The information contained in this Current Report on Form 8-K, including the Exhibits attached hereto, is being furnished under Items 5.02, 5.03 and 8.01 and shall not be deemed “filed” for purposes of Section 18 of the Securities Exchange Act of 1934, as amended (the “Exchange Act”), or incorporated by reference in any filing under the Securities Act of 1933, as amended, or the Exchange Act, except as shall be expressly set forth by specific reference in such a filing.

 

Item 5.03 Amendments to Articles of Incorporation or Bylaws; Change in Fiscal Year

The Board of Directors of the Corporation has approved an amendment to the Corporation’s Amended and Restated Bylaws (the “Bylaws”) effective March 31, 2008 to allow for the Company’s shares of stock to be uncertificated and, as such, to be eligible for participation in a direct registration system (“DRS”). The Bylaws previously stated that every holder of stock of the Company was entitled to a certificate.

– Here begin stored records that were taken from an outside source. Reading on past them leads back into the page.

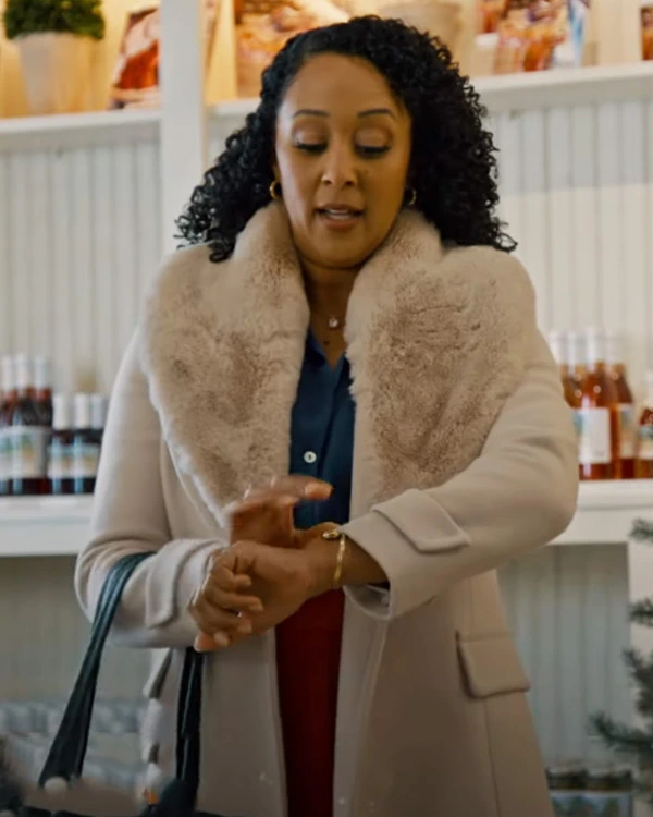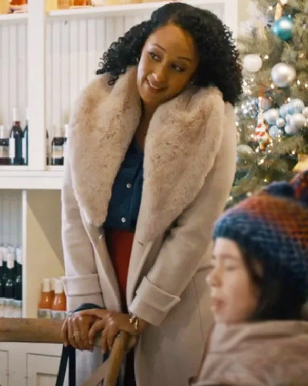 Tamera Mowry-Housley Movie Scouting For Christmas 2024 Angela White Shearling Trench Coat
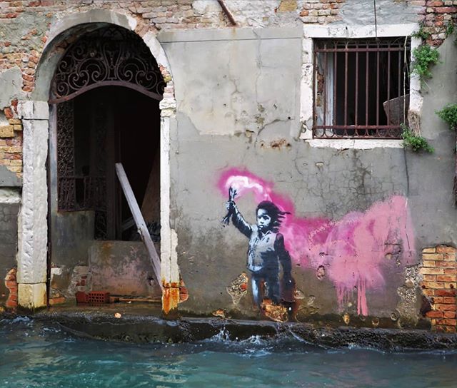 Dopo anni, nel 2019, l’artista torna in gran segreto in Italia, regalandoci un altro dei suoi capolavori. Stavolta l’opera si trova a Venezia ed è stata realizzata alla prima settimana post opening della Biennale di Venezia. Si tratta di un bambino sopravvissuto a uno sbarco travolto dal vento e con addosso un giubbotto di salvataggio. L’opera lo raffigura con in mano un razzo segnaletico, che illumina la notte, a voler simboleggiare una speranza di salvezza. O forse cerca di indicare qualcosa catturando la nostra attenzione immerso coi piedi nell’acqua. Un bambino che indica la strada agli adulti.
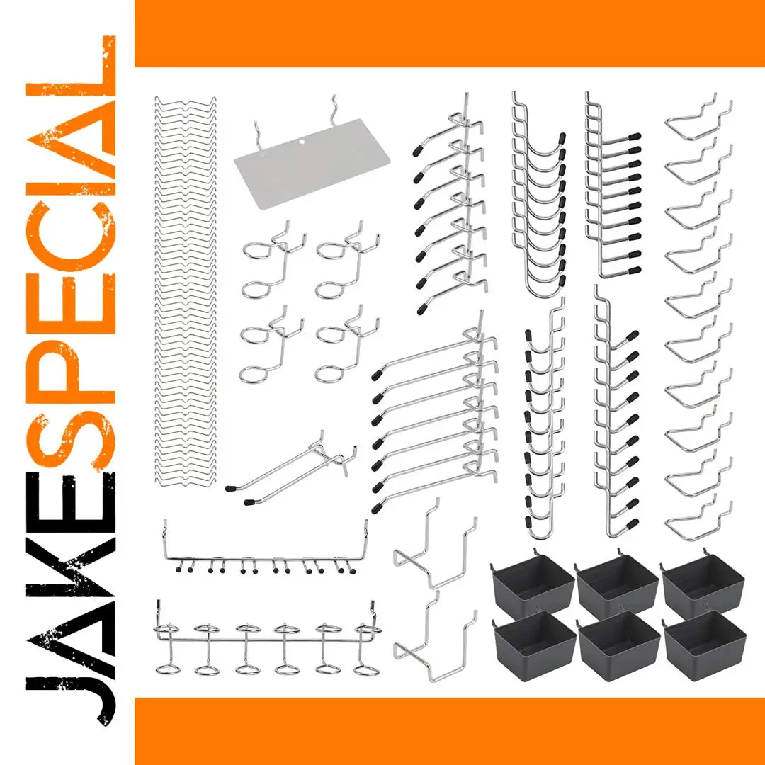 Enhance your organization with this versatile metal pegboard hook set, available in 114 or 140 pieces, crafted from high-quality iron with a durable electroplating finish for rust resistance. It includes 15 different types of hooks, multi-tool racks, pegboard bins, and 60 peg locks to ensure secure attachment on 1/8″ and 1/4″ pegboards with 1-inch spacing. The 114-piece set weighs about 900g with dimensions of 300 x 200 x 100mm, while the 140-piece set weighs approximately 1100g and measures 305 x 110 x 105mm. Perfect for organizing tools, accessories, or household items in garages, workshops, kitchens, and more, offering a sleek, industrial aesthetic with a streamlined, professional look.
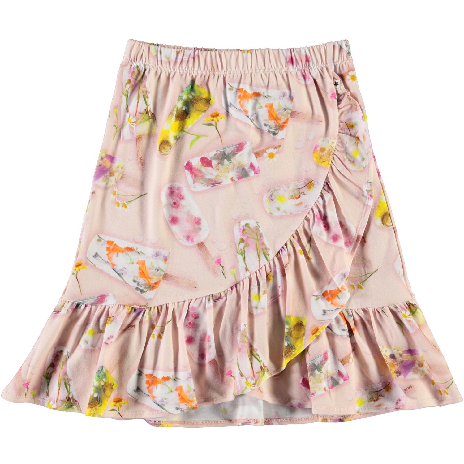 Bradie is een wikkelrok met ijsjes print en een elastische taille. Molo heeft bloemen ingevroren voor deze print.
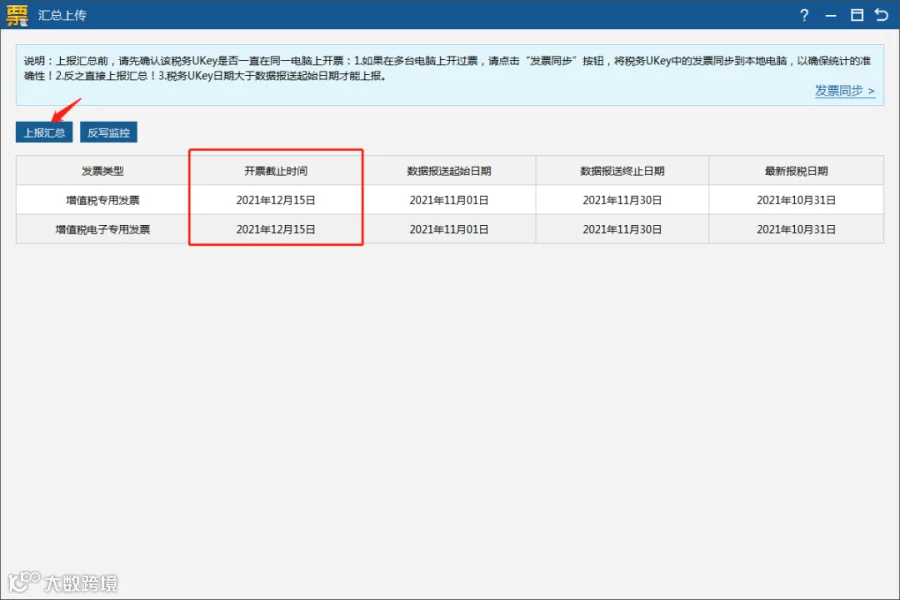 弹出“汇总上传”界面,点击【上报汇总】(抄税)。
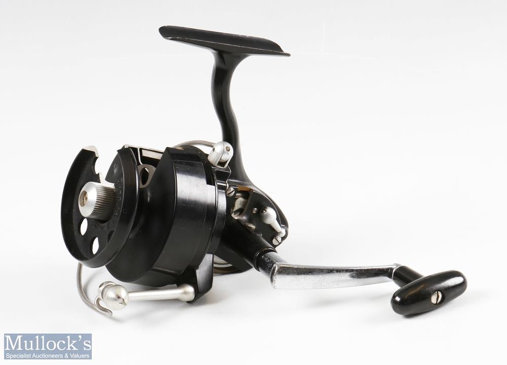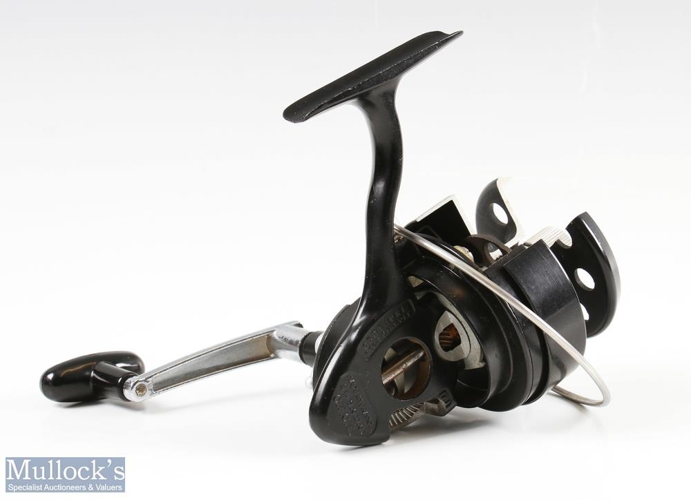 Rare Centaure Made in France Salesman Cut Away Display Spinning Reel in black finish and black handle with cut out sections to body showing gearing and mechanisms plus cut out section to spool
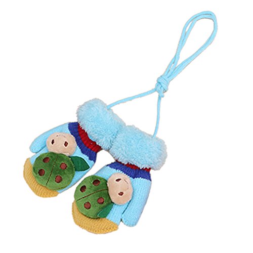 AMAA 子供 グローブ ニット ベビー 手袋 紐付き 厚手 裏地フリース ビートル テントウムシ 女の子 男の子 カラフル 冬 防寒 保温 6月-4歳
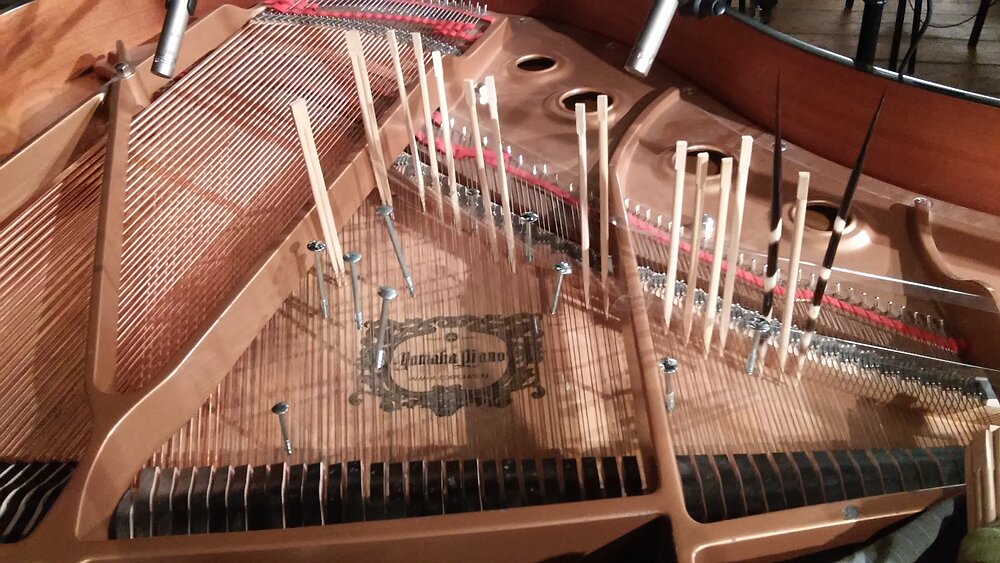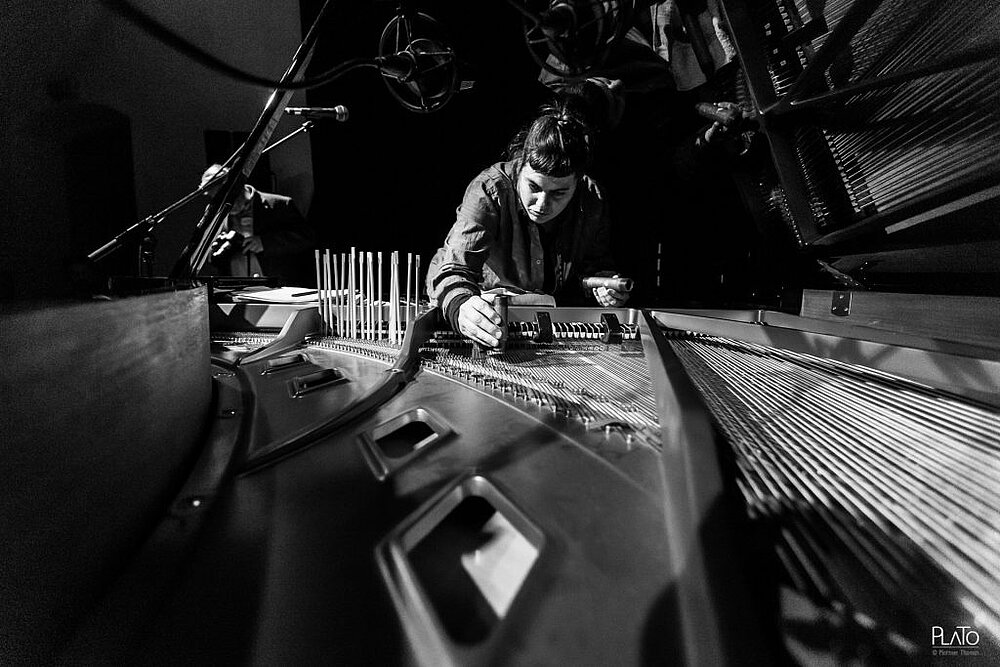 Beide Stücke bewegen sich kreisend in reichen Ober – und Untertonreihen im repetitivem Charakter um Knotenpunkte, die im Klavier gezielt mit Holz und Metall präpariert sind. Im Workshop werden diese Elemente aufgebaut und die Stücke auszugsweise erarbeitet. Dabei werden rhythmische Strukturen wie auch klangliche „Illusionen“, die der kompositorischen Idee innewohnen, probiert und beleuchtet, um damit gleichzeitig auch die kompositorischen Quellen von MNEEM künstlerisch zu beforschen.
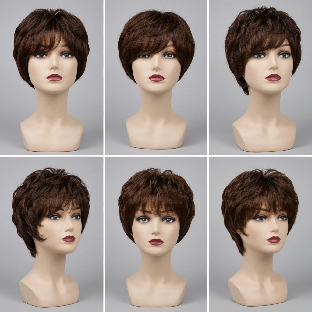 Then compare hair material and finish. Human hair, heat-friendly synthetic, and standard synthetic each sell differently and behave differently under customer styling. For pixie cuts, fiber memory (how well it bounces back after combing) and frizz resistance at the nape are frequent pain points—so ask what the supplier does to control those.
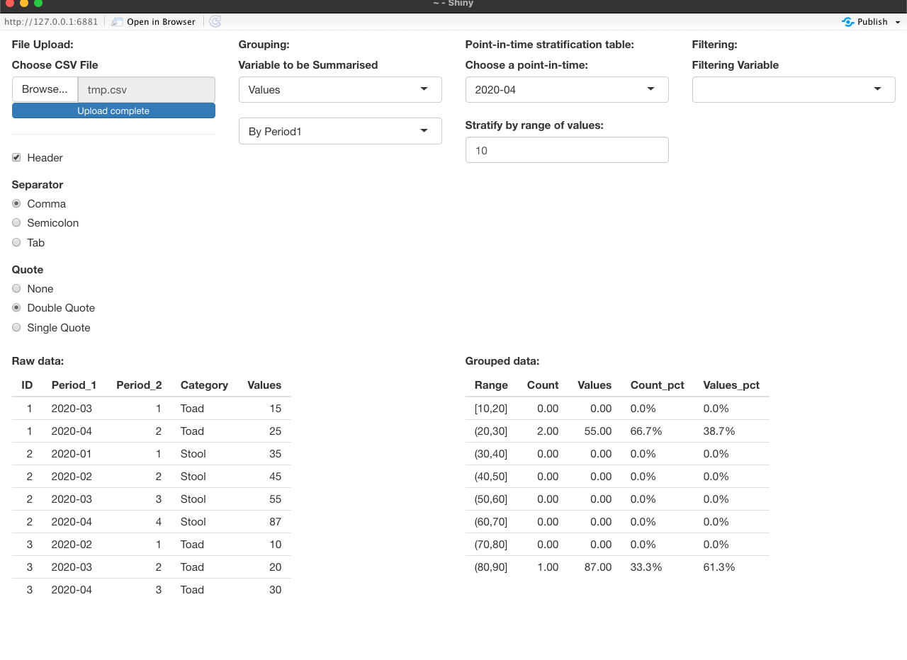 为了使这成为一个更普遍的努力,我将如何做到这一点。在UI中,您可以上传一个CSV文件,它从文件中的名称中获取要使用的变量的名称。这里有一个警告-分组变量必须在它们的名字中有“句号”。否则,您可以从变量名称列表中选择要求和的值。时间点值取自分层变量的观测值。您还可以选择对单变量进行筛选,并且可以从筛选变量的观察值中提取可以筛选的值。看上去是这样的:

The amendment to the Bylaws is attached hereto as Exhibit 99.2 and is incorporated herein by reference.

 

Item 8.01 Other Events

On March 10, 2008, American Vanguard Corporation issued a press release announcing that its Board had declared a cash dividend of $0.05 per share of common stock to be distributed on April 15, 2008 to shareholders of record as of March 31, 2008. The full text of that press release is attached hereto as Exhibit 99.3 and is incorporated herein by reference.


Item 9.01 Financial Statements and Exhibits.

(d) Exhibits

 

Exhibit 99.1    Press release dated March 10, 2008 of American Vanguard Corporation concerning the appointment of a new Chief Financial Officer.
Exhibit 99.2    Amendment to the Corporation’s Amended and Restated Bylaws.
Exhibit 99.3    Press release dated March 10, 2008 of American Vanguard Corporation concerning the declaration of a cash dividend.


SIGNATURES

Pursuant to the requirements of the Securities Exchange Act of 1934, American Vanguard Corporation has duly caused this report to be signed on its behalf by the undersigned, thereunto duly authorized.

 

    AMERICAN VANGUARD CORPORATION
Date: March 11, 2008     By:   /s/ Timothy J. Donnelly
      Timothy J. Donnelly
      Vice President, General Counsel & Secretary


INDEX TO EXHIBITS

 

Exhibit No.

  

Description

Exhibit 99.1    Press release dated March 10, 2008 of American Vanguard Corporation concerning the appointment of a new Chief Financial Officer.
Exhibit 99.2    Amendment to American Vanguard Corporation’s Amended and Restated Bylaws.
Exhibit 99.3    Press release dated March 10, 2008 of American Vanguard Corporation concerning the declaration of a cash dividend.